Credit to Author: Andrew Brandt| Date: Thu, 24 Sep 2020 13:00:12 +0000
SophosLabs researchers Fraser Howard and Andrew O’Donnell stumbled upon an unusual reflective loader attack method last month while hunting through threat telemetry. The attack chain started with a malicious email message that contained some hostile VB scripting code, and concluded by delivering a commodity remote access Trojan named MoDi RAT.
These kinds of detections often lead to interesting, divergent attacks, which is what the detection teams are looking for. Diving down the rabbit hole, Howard and O’Donnell discovered a few intriguing twists to the convoluted attack, which included a Scheduled Task that started a Visual Basic Script file that, in turn, launches PowerShell and then literally pasted the text of the commands into the PowerShell window, rather than passing the command string as a parameter.
But let’s not get ahead of ourselves. Here is Howard’s root cause analysis (RCA) of the attack chain.
AMSI vs. MoDi RAT
The attack analysis pivoted on some of the data collected from Sophos endpoint products using Microsoft’s Antimalware Scan Interface (AMSI). The root cause of the attack triggered our telemetry: a malicious script, delivered (most likely) via spam. In the example below, the user’s browser (Edge, highlighted in red below) started the attack chain, which you can see in this snippet of the threat case.
The attack begins when a recipient of the malspam opens the message attachment. The Visual Basic Script in the message attachment connects to a remote site, which is the entry point into a series of HTTP 302 redirects that eventually lead to a .Zip archive, hosted in OneDrive cloud storage, that contains an encoded VBS (VBE) file.
With the VBE file in hand, we set about reproducing the entire attack to get a complete picture, right through to the payload.
The initial VBScript writes out a second VBS file to the filesystem, and inserts three new entries into the Windows Registry that contain binary data, written out as 8-digit binary numbers. It then launches a system utility to create a new Scheduled Task that, at a predetermined time in the future, launches the VBS script.
When the Scheduled Task runs, it uses wscript.exe to launch the VBS. The VBS code launches PowerShell and then runs this code, which takes data from the VBS and inserts it into the system’s clipboard, where it can then programmatically “paste” the commands into the PowerShell window using the VBS SendKeys command.
This neat little trick to deliver the powershell commands seems designed to evade detection by keeping the commands they execute under the radar, rather than attracting attention by spawning an instance of PowerShell with some interesting command-line parameters that might trigger all sorts of security product alerts. From this point on, the attack is fileless.

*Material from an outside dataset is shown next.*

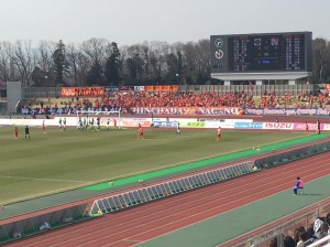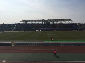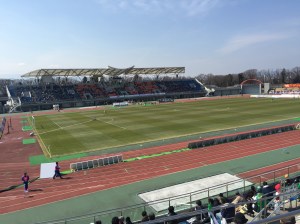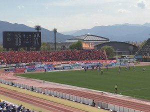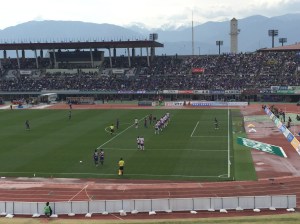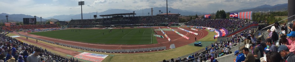 Ventforet Kofu have been in the top flight since the start of the 2013 season and their stadium holds 17,000 people having been built in 1985. We purchased our tickets (¥2700) to sit along the side of the pitch as we really didn’t want to go behind the goal where the views are usually terrible given the penchant for running tracks circling Japanese football pitches.

In the next step, PowerShell extracts a .NET decoder executable from one of the Registry blobs (labeled Entreur in the Registry) that the VBE had created earlier, and reflectively loads it by injecting it into a system process.
The decoder executable, in turn, extracts the .NET injector and payload blobs (labeled in the Registry as inj and Myfile, respectively) from the Registry. Then the injector loads the payload (injecting into the host application, msbuild.exe).
Notably, the initial Zip payload name (“Timbres-electroniques”) and several other strings, including the Entreur Registry key were comprised of words from the French language. Some of the targets of these attacks were French firms.
The diagram below summarizes all this and illustrates the key components of the attack chain.
The three .NET executable layers (decoder, injector, and payload) do not touch the disk, but we proactively blocked the attack based on our recognition of the technique the attackers employ to deliver the payload filelessly.
Despite already proactively blocking this attack, as a result of our further investigation we were able to enhance existing detections to provide additional resilience against similar attacks we might see in the future.
Why you should upgrade from older Windows
Microsoft’s AMSI framework that helps us intercept and neutralize these kinds of attacks is only available on certain recent flavors of Windows (Windows 10, Windows Server 2016 and Windows Server 2019). If there’s one single reason why users of older versions of Windows should upgrade, it’s this: AMSI protection is crucial to helping us defend against many of today’s attacks, particularly those that use fileless techniques.
This attack typifies how most of the fileless attacks that we see work. AMSI provides the capability for Sophos to proactively protect customers against a range of similar attacks, and the telemetry we’re able to get lets us dive into these rabbit holes so we can identify and enhance our protections more effectively.
Sophos endpoint products will detect the components of this attack as AMSI/Reflect-D, Troj/VBSInj-D, and AMSI/ModiRat-A.
Indicators of compromise
IoCs relating to this investigation have been posted to the SophosLabs Github.